Initial Proposal: Project Proposal
Final Writeup: Final Writeup

Programming Interface

I strived to make the database API clean and usable from a C++ environment. Further, one weakness I see in SQL often is the lack of type checking, every action is specified as a string ("SELECT * FROM x WHERE y..."). In my database I attempted to construct the interface in such a way that it would detect at compile-time any errors with query construction. For example, it is impossible to specify criteria on a column not in the table or to try to insert an incomplete or incorrect row into the database.

Table Creation

The database is constructed to store structs. To create a database for a particular struct, you issue the following command:

struct record {
 int id;
 long time;

table<record> table = db_table_create(&record::id, &record::time);

This creates a new table for the record struct with two indexes, id and time. Indexes are specified using struct member pointers.


To insert rows into a table, issue the following command:

record* recs;
int num_recs;

db_insert_bulk(table, recs, num_recs);

This inserts num_recs records into the table. Insert operations are asynchronously performed on the GPU, however, so this call returns fairly quickly.

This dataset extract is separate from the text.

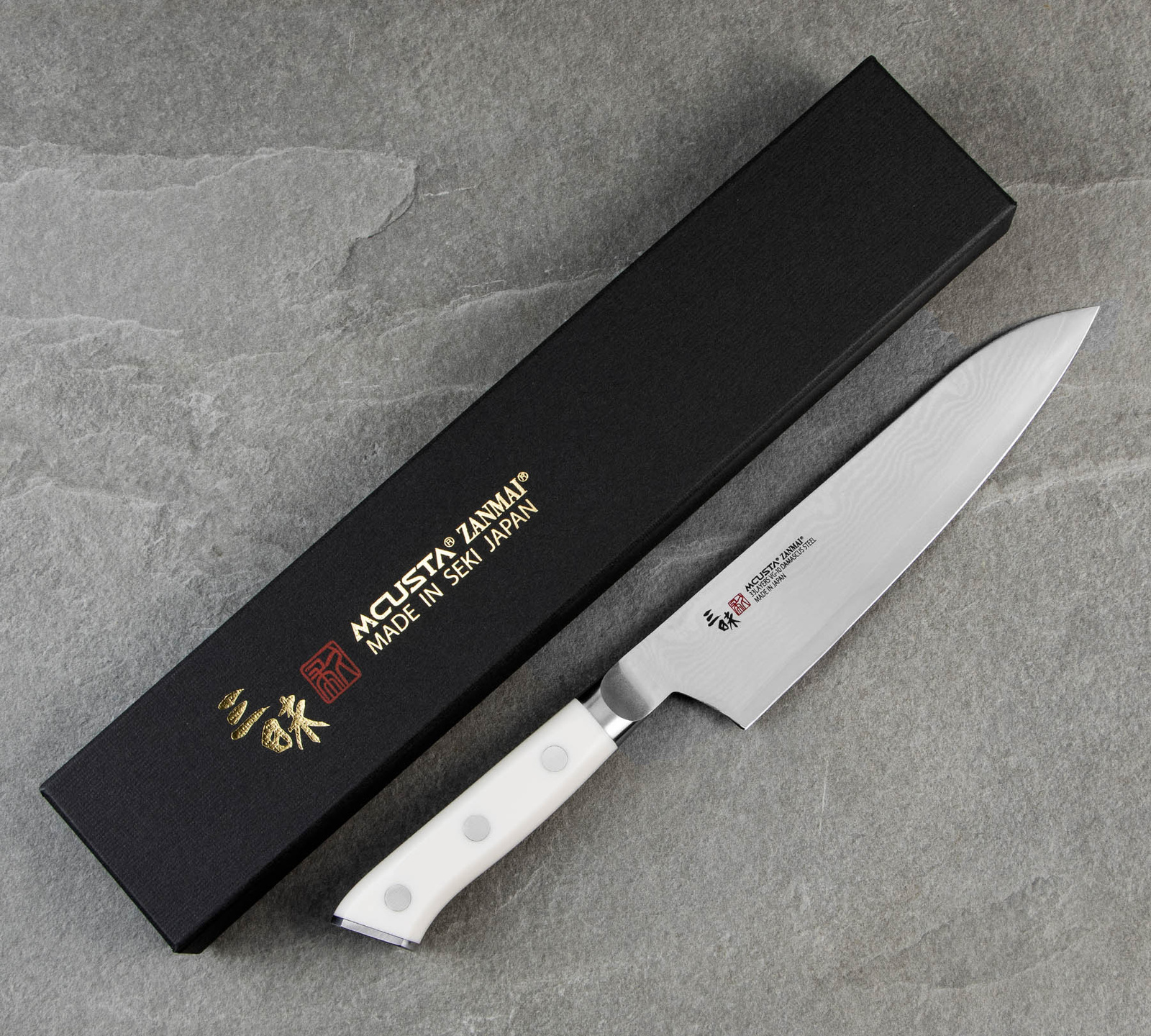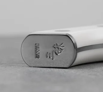 Nitowana rękojeść z corianu charakteryzuje się ergonomicznym profilem zapewniającym komfortowy chwyt podczas długotrwałej pracy. Corian jest odporny na wilgoć i wysokie temperatury. Wykazuje wysoką trwałość oraz odporność na odkształcenia. Dolna część rękojeści wykonana jest z polerowanej na wysoki połysk stali nierdzewnej z grawerunkiem Zanmai.

Finally to select a row from the table, all that's needed is to specify the criteria. Criteria are constructed by nested calls to LT, LE, EQ, GE, GT, AND, and OR. To issue a query that selects records with id 4 or 13 from records with time greater than 1000, issue the following series of commands:

select_handle handle = db_select_prepare(table, GT(&record::time, 1000), OR(EQ(&record::id, 4), EQ(&record::id, 13)));

record* rec;
while((rec = db_select_next(handle)) != NULL) {
 cout << "found record {id = " << rec->id << ", time = " << rec->time << "}" << endl;

Currently a limitation of the system is that you must specify which index you want to perofrm the select using. I plan to eventually allow the user to pass a single criteria and the database will figure out the best index to use to perform the select


The database is implemented as a set of btrees located on the graphics card. When the user creates a table, a btree is created for each index. The btrees are 16-32 btrees which allow efficient processing of the nodes by a warp (32 lanes). Nodes are able to be processed in constant time by having each lane check a particular key. Inserts work by transferring the data to the card, launching a block for each index, and sequentially inserting it into each index. Selects work by launching a single warp that traverses the relevent parts of the tree looking and continuously fills a variable size buffer that is transferred to the host upon filling it. I see lots of room for improvement in both these processes as most of my time was spent creating and debugging a btree which could be operated on in a SIMD environment and creating a generic criteria specification protocol.

Preliminary Results

Preliminary results show my database is about on par in terms of speed with an in-memory database like SQLite. I'm fairly pleased with this result since a lot of work went into optimizing SQLite and I would consider my code fairly unoptimized. One important performance consideration that CUDA-DB faces is PCI bus bandwidth, but this limit vanishes as soon as queries become even a little complex. When we compare two basic queries "SELECT * FROM record" and "SELECT * FROM record WHERE id = 2" we see that my database quickly matches the speed of SQLite.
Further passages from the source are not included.